[Data excerpts]
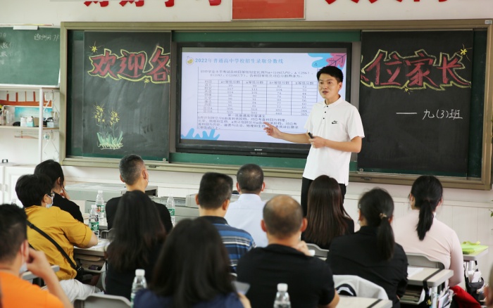 家長代表梁曉鴻女士告訴同學們,人生難得幾回搏,這個是你人生的第一博,老師和家長是你們最堅強的后盾,希望你們能調整心態,正視壓力,不怕困難,持之以恒,迎難而上,只要大家勇敢沖刺,全力以赴,就能取得勝利,考到心中的理想高中。
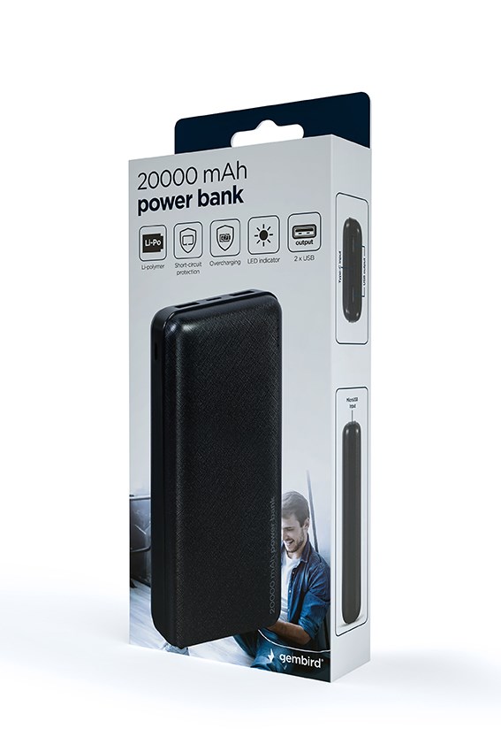 Gembird PB20-02 power bank Lithium Polymer (LiPo) 20000 mAh Black
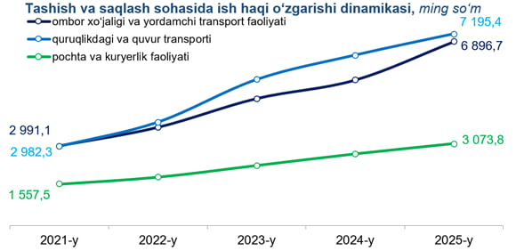 Farg‘ona viloyati statistika boshqarmasi bergan ma'lumotiga ko‘ra, Farg‘ona viloyatida tashish va saqlash sohasida o‘rtacha oylik ish haqi 6 776,5 ming so‘mni tashkil etgan.
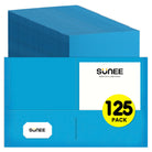 The SUNEE 2-pocket folders come in a pack of 125, each designed to hold letter-sized paper securely. Crafted in a vibrant blue, these folders feature two pockets for organizing documents efficiently, making them ideal for school, office, home, or business use. Their durable construction helps protect papers from damage while simplifying filing and transport. This bulk pack is perfect for maintaining consistent organization across multiple projects or departments.
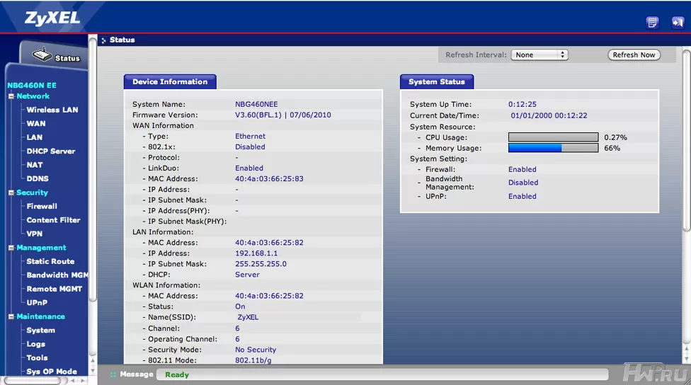 Что касается WEB-интерфейса, у ZyXEL он получился весьма удачным. На главной странице расположилась статистика по работе системы – здесь и статус по всем подключениям, и степень загрузки процессора/памяти.
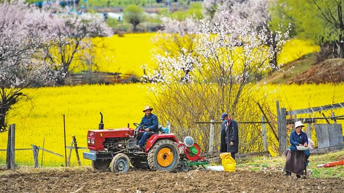 日前,林芝市巴宜區布久鄉(xiang) 朵當村群眾(zhong) 駕駛農(nong) 用機械犁地,與(yu) 遠處桃花和油菜花構成一幅秀美田園風光圖。
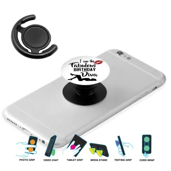 I am the fabulous Birthday Diva, Phone Holders Stand Black Hand-held Mobile Phone Holder

> **DIRECTIONS**: Begin at the first line of the entries and end at the line containing "Что касается WEB-интерфейса, у": write out each line exactly, skipping pictures.

> **ANSWER SPACE**:
 家長代表梁曉鴻女士告訴同學們,人生難得幾回搏,這個是你人生的第一博,老師和家長是你們最堅強的后盾,希望你們能調整心態,正視壓力,不怕困難,持之以恒,迎難而上,只要大家勇敢沖刺,全力以赴,就能取得勝利,考到心中的理想高中。
 Gembird PB20-02 power bank Lithium Polymer (LiPo) 20000 mAh Black
 Farg‘ona viloyati statistika boshqarmasi bergan ma'lumotiga ko‘ra, Farg‘ona viloyatida tashish va saqlash sohasida o‘rtacha oylik ish haqi 6 776,5 ming so‘mni tashkil etgan.
 The SUNEE 2-pocket folders come in a pack of 125, each designed to hold letter-sized paper securely. Crafted in a vibrant blue, these folders feature two pockets for organizing documents efficiently, making them ideal for school, office, home, or business use. Their durable construction helps protect papers from damage while simplifying filing and transport. This bulk pack is perfect for maintaining consistent organization across multiple projects or departments.
 Что касается WEB-интерфейса, у ZyXEL он получился весьма удачным. На главной странице расположилась статистика по работе системы – здесь и статус по всем подключениям, и степень загрузки процессора/памяти.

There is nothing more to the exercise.